[Start of section]

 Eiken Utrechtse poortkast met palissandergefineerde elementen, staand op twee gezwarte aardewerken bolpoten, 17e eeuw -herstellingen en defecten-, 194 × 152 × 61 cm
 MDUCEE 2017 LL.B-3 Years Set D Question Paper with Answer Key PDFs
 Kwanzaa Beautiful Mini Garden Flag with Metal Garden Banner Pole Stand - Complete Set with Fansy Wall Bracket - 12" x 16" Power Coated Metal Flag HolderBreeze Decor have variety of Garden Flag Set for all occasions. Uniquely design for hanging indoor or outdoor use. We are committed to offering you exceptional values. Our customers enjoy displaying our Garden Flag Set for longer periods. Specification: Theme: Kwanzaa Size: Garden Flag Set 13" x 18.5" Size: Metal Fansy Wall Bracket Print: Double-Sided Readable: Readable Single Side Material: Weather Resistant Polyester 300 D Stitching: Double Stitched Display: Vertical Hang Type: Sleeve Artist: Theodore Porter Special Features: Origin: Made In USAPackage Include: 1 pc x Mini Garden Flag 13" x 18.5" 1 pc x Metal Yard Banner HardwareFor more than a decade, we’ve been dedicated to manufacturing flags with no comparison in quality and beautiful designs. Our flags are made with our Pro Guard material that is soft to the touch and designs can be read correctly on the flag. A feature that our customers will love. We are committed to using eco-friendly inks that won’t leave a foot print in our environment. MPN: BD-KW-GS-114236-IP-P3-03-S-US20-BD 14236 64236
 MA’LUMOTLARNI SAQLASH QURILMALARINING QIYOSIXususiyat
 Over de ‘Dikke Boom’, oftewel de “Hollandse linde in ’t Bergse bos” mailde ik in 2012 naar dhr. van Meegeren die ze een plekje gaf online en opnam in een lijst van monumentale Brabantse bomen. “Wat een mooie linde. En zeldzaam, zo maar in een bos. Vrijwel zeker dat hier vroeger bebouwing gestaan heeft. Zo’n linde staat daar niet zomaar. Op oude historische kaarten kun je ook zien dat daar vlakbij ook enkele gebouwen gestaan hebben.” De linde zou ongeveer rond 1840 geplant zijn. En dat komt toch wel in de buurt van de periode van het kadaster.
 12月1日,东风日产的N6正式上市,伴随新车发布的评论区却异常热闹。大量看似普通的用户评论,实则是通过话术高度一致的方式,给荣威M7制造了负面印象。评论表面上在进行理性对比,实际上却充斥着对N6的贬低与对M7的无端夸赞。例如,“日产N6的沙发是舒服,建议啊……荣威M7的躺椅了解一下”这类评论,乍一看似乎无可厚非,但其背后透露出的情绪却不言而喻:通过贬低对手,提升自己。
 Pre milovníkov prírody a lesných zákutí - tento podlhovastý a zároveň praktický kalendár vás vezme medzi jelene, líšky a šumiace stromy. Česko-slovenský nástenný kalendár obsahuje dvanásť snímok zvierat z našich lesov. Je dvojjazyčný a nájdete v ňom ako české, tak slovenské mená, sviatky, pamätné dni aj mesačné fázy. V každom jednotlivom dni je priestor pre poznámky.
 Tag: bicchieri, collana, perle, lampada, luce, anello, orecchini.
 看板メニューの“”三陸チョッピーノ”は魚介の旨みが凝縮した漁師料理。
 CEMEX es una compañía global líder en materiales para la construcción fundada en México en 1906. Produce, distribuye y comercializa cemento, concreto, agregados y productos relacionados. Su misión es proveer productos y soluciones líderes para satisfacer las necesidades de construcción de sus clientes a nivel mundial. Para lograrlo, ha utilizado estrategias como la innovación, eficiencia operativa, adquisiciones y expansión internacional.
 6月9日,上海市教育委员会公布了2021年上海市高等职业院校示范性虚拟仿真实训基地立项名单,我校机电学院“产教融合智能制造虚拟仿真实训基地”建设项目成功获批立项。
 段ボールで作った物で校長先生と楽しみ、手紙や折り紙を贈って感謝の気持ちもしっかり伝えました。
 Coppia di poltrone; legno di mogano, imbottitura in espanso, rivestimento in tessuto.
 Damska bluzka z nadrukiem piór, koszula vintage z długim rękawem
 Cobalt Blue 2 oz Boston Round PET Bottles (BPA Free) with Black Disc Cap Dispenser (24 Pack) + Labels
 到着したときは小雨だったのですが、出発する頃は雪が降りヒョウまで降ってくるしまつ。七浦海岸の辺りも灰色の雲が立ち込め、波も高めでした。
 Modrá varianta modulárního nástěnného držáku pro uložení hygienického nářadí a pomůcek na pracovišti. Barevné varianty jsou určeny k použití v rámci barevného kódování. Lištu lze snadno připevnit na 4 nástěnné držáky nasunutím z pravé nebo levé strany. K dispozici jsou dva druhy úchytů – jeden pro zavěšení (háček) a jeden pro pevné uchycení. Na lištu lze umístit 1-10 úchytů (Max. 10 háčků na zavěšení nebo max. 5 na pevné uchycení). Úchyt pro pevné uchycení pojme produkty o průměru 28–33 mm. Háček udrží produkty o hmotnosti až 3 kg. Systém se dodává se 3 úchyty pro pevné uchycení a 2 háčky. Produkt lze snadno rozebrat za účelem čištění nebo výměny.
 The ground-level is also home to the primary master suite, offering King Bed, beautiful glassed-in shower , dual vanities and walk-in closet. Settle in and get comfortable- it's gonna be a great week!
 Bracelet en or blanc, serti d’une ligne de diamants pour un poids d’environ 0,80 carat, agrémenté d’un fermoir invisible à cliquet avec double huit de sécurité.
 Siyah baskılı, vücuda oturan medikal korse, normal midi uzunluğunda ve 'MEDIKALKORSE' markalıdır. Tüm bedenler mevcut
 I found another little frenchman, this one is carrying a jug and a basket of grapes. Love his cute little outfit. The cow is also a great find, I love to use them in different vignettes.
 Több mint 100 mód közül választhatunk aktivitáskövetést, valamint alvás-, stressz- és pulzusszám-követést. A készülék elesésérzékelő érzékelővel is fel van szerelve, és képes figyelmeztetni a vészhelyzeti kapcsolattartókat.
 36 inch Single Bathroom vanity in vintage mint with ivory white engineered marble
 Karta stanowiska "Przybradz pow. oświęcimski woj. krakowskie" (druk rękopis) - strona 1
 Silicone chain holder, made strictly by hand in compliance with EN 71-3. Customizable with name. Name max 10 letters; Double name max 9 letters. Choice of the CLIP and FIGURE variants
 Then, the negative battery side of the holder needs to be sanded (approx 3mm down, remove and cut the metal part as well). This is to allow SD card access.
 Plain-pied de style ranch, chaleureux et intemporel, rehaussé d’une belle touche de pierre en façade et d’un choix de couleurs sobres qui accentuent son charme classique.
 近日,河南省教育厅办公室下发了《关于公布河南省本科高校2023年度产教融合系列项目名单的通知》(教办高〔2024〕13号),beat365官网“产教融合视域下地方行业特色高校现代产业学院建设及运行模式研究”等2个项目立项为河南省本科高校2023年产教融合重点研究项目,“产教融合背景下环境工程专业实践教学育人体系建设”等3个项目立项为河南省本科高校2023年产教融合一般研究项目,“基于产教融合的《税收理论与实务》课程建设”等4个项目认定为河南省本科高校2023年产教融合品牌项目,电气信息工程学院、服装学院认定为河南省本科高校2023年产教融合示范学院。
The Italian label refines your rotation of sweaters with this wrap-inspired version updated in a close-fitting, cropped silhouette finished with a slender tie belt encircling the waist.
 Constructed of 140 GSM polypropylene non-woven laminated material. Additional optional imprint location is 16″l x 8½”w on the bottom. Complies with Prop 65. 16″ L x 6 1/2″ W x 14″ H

[End of section]

_Exercise_: All that is wanted is the stretch of lines above from the one containing "Damska bluzka z" through the one containing "rękopis) - strona 1", duplicated exactly.

_Completed exercise_:
 Damska bluzka z nadrukiem piór, koszula vintage z długim rękawem
 Cobalt Blue 2 oz Boston Round PET Bottles (BPA Free) with Black Disc Cap Dispenser (24 Pack) + Labels
 到着したときは小雨だったのですが、出発する頃は雪が降りヒョウまで降ってくるしまつ。七浦海岸の辺りも灰色の雲が立ち込め、波も高めでした。
 Modrá varianta modulárního nástěnného držáku pro uložení hygienického nářadí a pomůcek na pracovišti. Barevné varianty jsou určeny k použití v rámci barevného kódování. Lištu lze snadno připevnit na 4 nástěnné držáky nasunutím z pravé nebo levé strany. K dispozici jsou dva druhy úchytů – jeden pro zavěšení (háček) a jeden pro pevné uchycení. Na lištu lze umístit 1-10 úchytů (Max. 10 háčků na zavěšení nebo max. 5 na pevné uchycení). Úchyt pro pevné uchycení pojme produkty o průměru 28–33 mm. Háček udrží produkty o hmotnosti až 3 kg. Systém se dodává se 3 úchyty pro pevné uchycení a 2 háčky. Produkt lze snadno rozebrat za účelem čištění nebo výměny.
 The ground-level is also home to the primary master suite, offering King Bed, beautiful glassed-in shower , dual vanities and walk-in closet. Settle in and get comfortable- it's gonna be a great week!
 Bracelet en or blanc, serti d’une ligne de diamants pour un poids d’environ 0,80 carat, agrémenté d’un fermoir invisible à cliquet avec double huit de sécurité.
 Siyah baskılı, vücuda oturan medikal korse, normal midi uzunluğunda ve 'MEDIKALKORSE' markalıdır. Tüm bedenler mevcut
 I found another little frenchman, this one is carrying a jug and a basket of grapes. Love his cute little outfit. The cow is also a great find, I love to use them in different vignettes.
 Több mint 100 mód közül választhatunk aktivitáskövetést, valamint alvás-, stressz- és pulzusszám-követést. A készülék elesésérzékelő érzékelővel is fel van szerelve, és képes figyelmeztetni a vészhelyzeti kapcsolattartókat.
 36 inch Single Bathroom vanity in vintage mint with ivory white engineered marble
 Karta stanowiska "Przybradz pow. oświęcimski woj. krakowskie" (druk rękopis) - strona 1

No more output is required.